MemReader-4B-thinking
Introduction
MemReader-4B-thinking is a 4B language model for long-term agent memory management. Instead of treating memory writing as a one-step structured extraction task, it formulates memory construction as a reasoning-and-action process: the model first evaluates whether incoming information is valuable, complete, and unambiguous, and then selects one of four memory operations:
add_memory: write useful and complete information into long-term memorysearch_memory: retrieve historical memory for disambiguationbuffer_memory: temporarily hold incomplete but potentially valuable informationignore_memory: discard low-value or repetitive content
Built on top of Qwen/Qwen3-4B, MemReader-4B-thinking is further optimized for memory management with supervised fine-tuning and GRPO. It is designed for long-horizon dialogue systems, personalized assistants, and agent frameworks that require low-noise, updatable, and retrievable long-term memory.
News
- MemReader-4B-thinking is released as an open model for active memory management.
- The model is designed for tool-calling workflows and memory-centric agent systems.
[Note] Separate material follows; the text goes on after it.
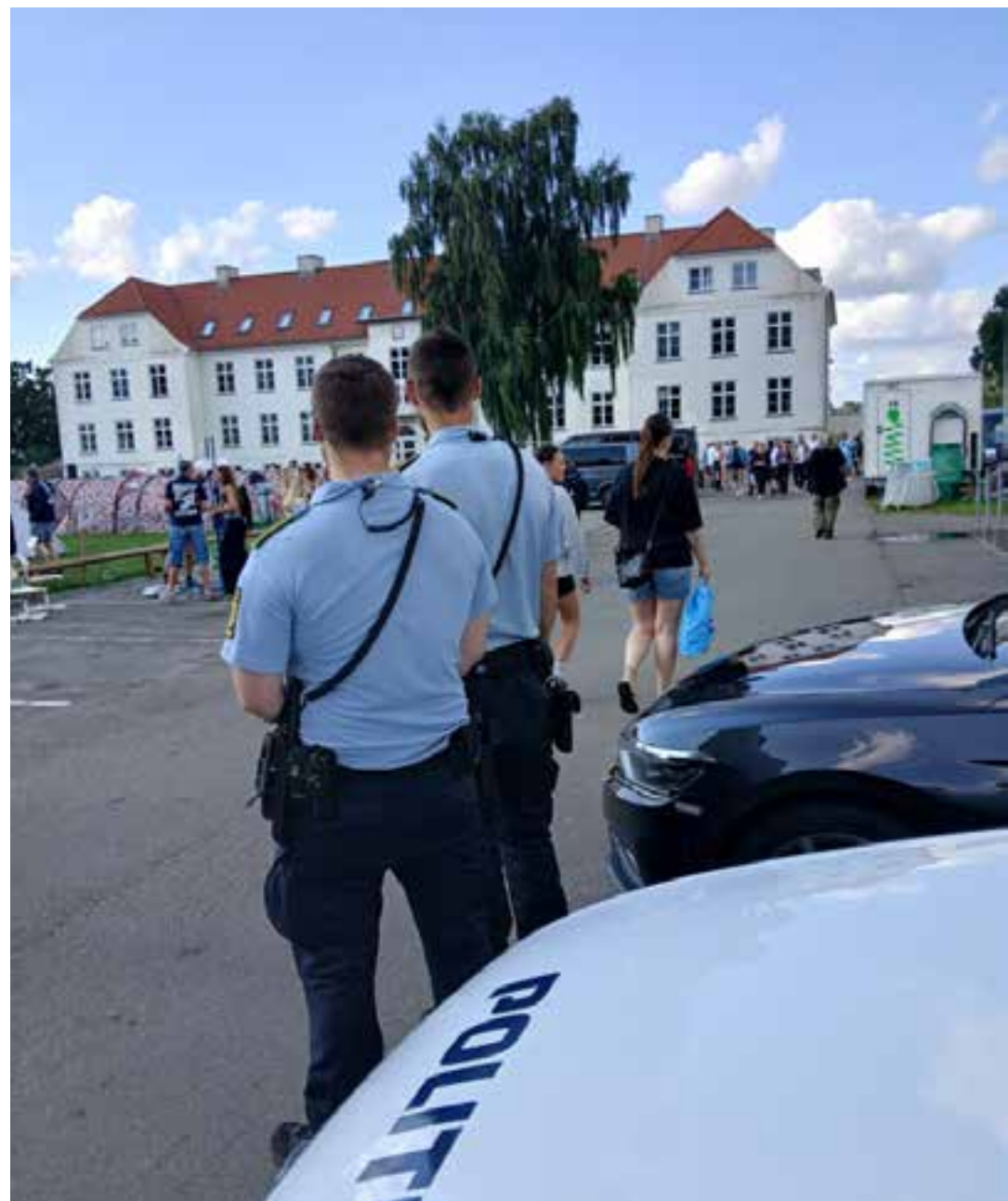
Patrulje til Smukfest i Skanderborg (10. august 2025)

Kilde: Rigspolitiets QlikView-rapport "Låst Responstid". Data trukket den 10. februar 2026.

- It is part of the MemReader family introduced in the paper MemReader: Active Memory Management for Long-Term Agent Memory.
Usage
- Model ID:
IAAR-Shanghai/MemReader-4B-thinking - Base model:
Qwen/Qwen3-4B - Primary use: long-term memory extraction and memory management for agents
- Inference modes:
transformers, OpenAI-compatible serving,vLLM, and SGLang
Citation
If you use MemReader in your research or product, please cite:
@misc{kang2025memreader,
title={MemReader: Active Memory Management for Long-Term Agent Memory},
author={Kang, Jingyi and Li, Chunyu and Chen, Ding and Tang, Bo and Xiong, Feiyu and Li, Zhiyu},
year={2026},
note={Manuscript in preparation}
}
Highlights
- Active memory management instead of passive memory extraction
- Explicit reasoning with thinking traces and tool calls
- Strong performance on ambiguity resolution, knowledge update, and temporal reasoning
- Native fit for OpenAI-style tool-calling workflows
- Efficient local deployment with a 4B parameter footprint
- Designed for integration with memory-centric agent systems such as MemOS
What Makes MemReader Different
Most memory pipelines directly convert the current dialogue into JSON memories. In realistic settings, that approach is often insufficient:
- low-value chatter can pollute memory
- pronouns and missing references may require historical lookup
- some information is useful but not yet complete
- newer facts may need to update or overwrite older memory
MemReader-4B-thinking reframes memory writing as active memory management. Under a ReAct-style workflow, the model reasons before acting, making memory construction closer to how practical agent systems maintain state over time.
Benchmark Performance
MemReader was evaluated on LOCOMO, LongMemEval, and HaluMem. The 4B GRPO version showed especially strong gains on knowledge update, temporal reasoning, and end-to-end memory usability.
LOCOMO
| Model | Single Hop | Multi Hop | Temporal | Open Domain | Overall | F1 | Avg. Token |
|---|---|---|---|---|---|---|---|
| MemOS (4o-mini) | 84.06% | 73.16% | 75.90% | 57.29% | 78.70% | 51.90% | 1854 |
| MemReader-0.6B | 84.70% | 76.95% | 76.22% | 53.40% | 79.56% | 52.54% | 1976 |
| MemReader-4B-SFT | 81.88% | 76.12% | 71.02% | 62.15% | 77.33% | 47.77% | 784 |
| MemReader-4B-GRPO | 85.37% | 81.44% | 75.80% | 65.62% | 81.42% | 49.45% | 1950 |
LongMemEval
| Model | Avg. Token | SS-User | SS-Asst | SS-Pref | Multi-Session | Knowledge Update | Temporal Reasoning | Overall |
|---|---|---|---|---|---|---|---|---|
| MemOS | 1400 | 95.71% | 67.86% | 96.67% | 70.67% | 74.26% | 77.44% | 77.80% |
| EverMemOS | 2800 | 97.14% | 85.71% | 93.33% | 73.68% | 89.74% | 77.44% | 83.00% |
| MemReader-0.6B | 1166 | 95.71% | 75.00% | 90.00% | 75.18% | 82.05% | 75.90% | 80.20% |
| MemReader-4B-SFT | 963 | 97.10% | 69.64% | 90.00% | 71.42% | 85.80% | 78.19% | 80.00% |
| MemReader-4B-GRPO | 922 | 94.29% | 73.21% | 90.00% | 73.68% | 91.03% | 84.21% | 83.00% |
HaluMem
The full HaluMem table in the paper is relatively long. Below we report a compact subset of the memory extraction and memory updating results.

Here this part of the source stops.